Three main approaches:

- **Drop Categorical Variables**: drop columns containing categorical variables. It works well only if the columns do not contain useful information!

- **Ordinal encoding**: assign each unique value to a different integer. It makes sense when there is a clear ranking to the categories. **Ordinal variables** = categorical variables that have a clear ordering in the values. 

- **One-hot encoding**: create new columns indicating the presence (or absence) of each possible value in the original data. One-hot encoding does not assume an ordering of the categories. **Nominal variables** = categorical variables without an intrinsic ranking

In [67]:
# Get list of categorical variables contained in our dateset
wine_data_copy = wine_data.copy()
category = (wine_data_copy.dtypes == 'object')
cat_cols = list(category[category].index)
cat_cols

['country',
 'description',
 'designation',
 'province',
 'region_1',
 'region_2',
 'taster_name',
 'taster_twitter_handle',
 'title',
 'variety',
 'winery',
 'checked']

In [None]:
# 1) drop categorical variables using the .select_dtypes() method
drop_X_train = X_train.select_dtypes(exclude=['object'])

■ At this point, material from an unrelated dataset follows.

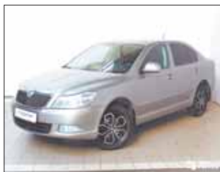
Skoda Octavia (2010) 449 000 руб.
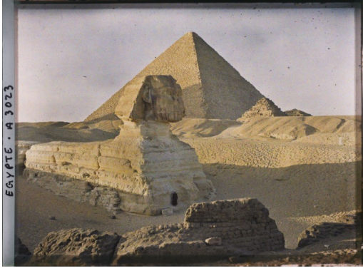
EGYPT - A 3023

# ordinal encoding using sklearn OrdinalEncoder class

from sklearn.preprocessing import OrdinalEncoder

# 2) Apply ordinal encoder to each column with categorical data
ordinal_encoder = OrdinalEncoder()
wine_data_copy[cat_cols] = ordinal_encoder.fit_transform(wine_data_copy[cat_cols])


# 3) one-hot encoding using sklearn OneHotEncoder class

from sklearn.preprocessing import OneHotEncoder

# Apply one-hot encoder to each column with categorical data
OH_encoder = OneHotEncoder(handle_unknown='ignore', sparse=False)
OH_cols = pd.DataFrame(OH_encoder.fit_transform(wine_data_copy[cat_cols]))

# One-hot encoding removed index; so now we put it back
OH_cols.index = wine_data_copy.index

# Remove categorical columns (we will replace them with one-hot encoding)
num_data = wine_data_copy.drop(cat_cols, axis=1)

# Add one-hot encoded columns to numerical features
OH_data = pd.concat([num_data, OH_cols], axis=1)

# Ensure all columns have string type
OH_data.columns = OH_data.columns.astype(str)

In [71]:
wine_data_copy2 = wine_data.copy()
pd.get_dummies(wine_data_copy2['country'], drop_first=True).head()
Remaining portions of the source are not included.